→ Task details
Would you reproduce the whole listing exactly, minus its images?

→ Available data
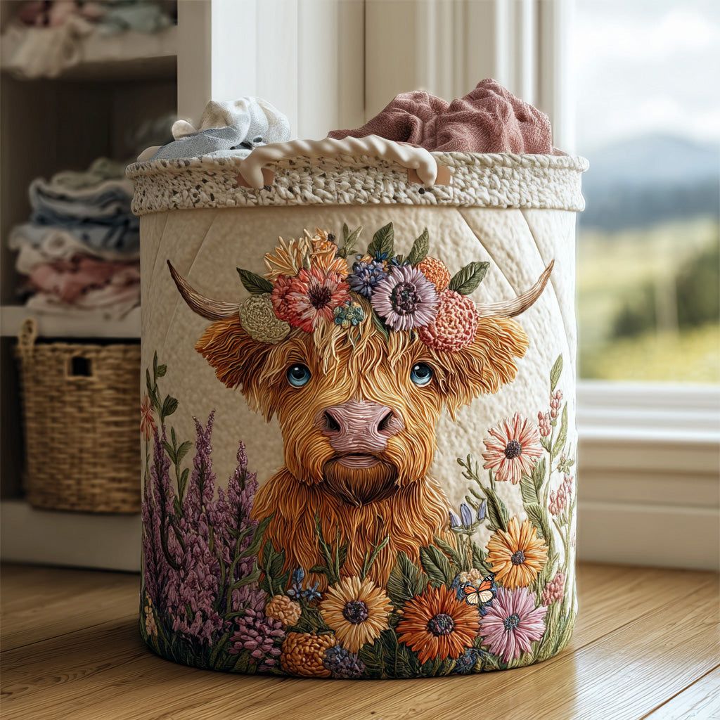 Floral Cow Quilted Laundry Basket NCU0TH2940
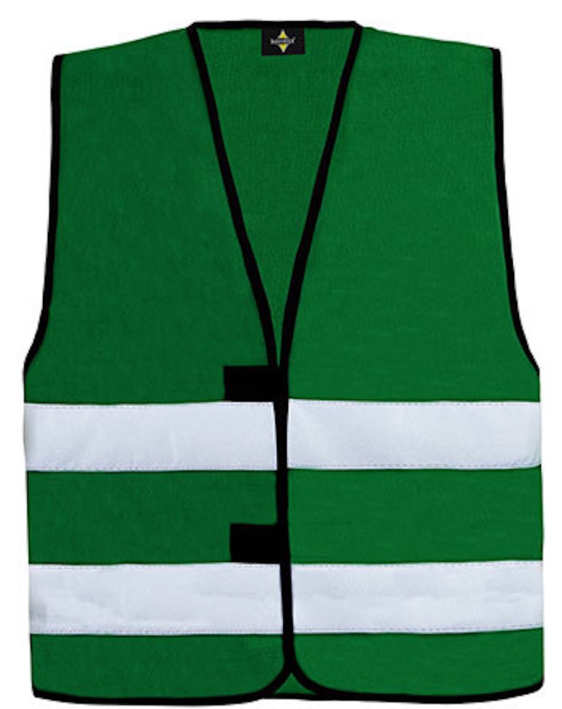 Funktionsweste Material: 100% Polyester Zwei 5cm breite Reflexstreifen um den Körper, Grössenverstellung durch zwei Klettverschlüsse, umsäumt mit schwarzer Polyestereinfassung Grössen: S – 7XL(Fabe Rosa nur in L, XL und XXL)
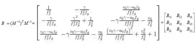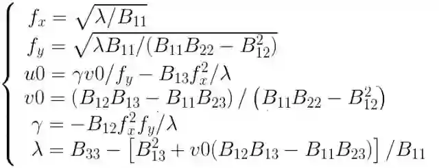 假设我们已经根据前面计算得到了矩阵B元素的值,那么根据已知的矩阵B很容易解出内参,如下:
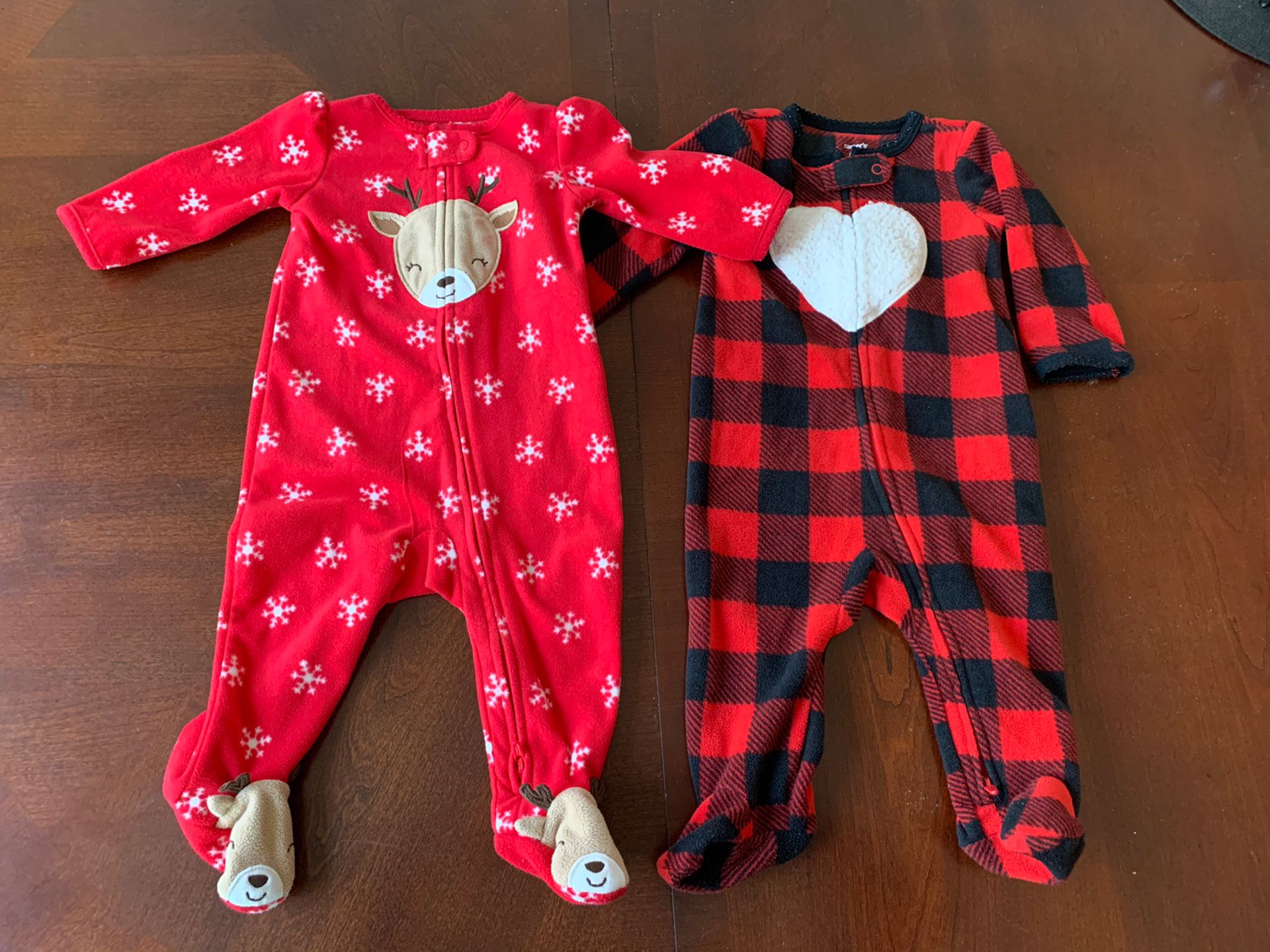 Good condition. No flaws stains or smells. christmas baby girl pajamas size 6 months just one you and carters

→ Finished exercise
 Floral Cow Quilted Laundry Basket NCU0TH2940
 Funktionsweste Material: 100% Polyester Zwei 5cm breite Reflexstreifen um den Körper, Grössenverstellung durch zwei Klettverschlüsse, umsäumt mit schwarzer Polyestereinfassung Grössen: S – 7XL(Fabe Rosa nur in L, XL und XXL)
 假设我们已经根据前面计算得到了矩阵B元素的值,那么根据已知的矩阵B很容易解出内参,如下:
 Good condition. No flaws stains or smells. christmas baby girl pajamas size 6 months just one you and carters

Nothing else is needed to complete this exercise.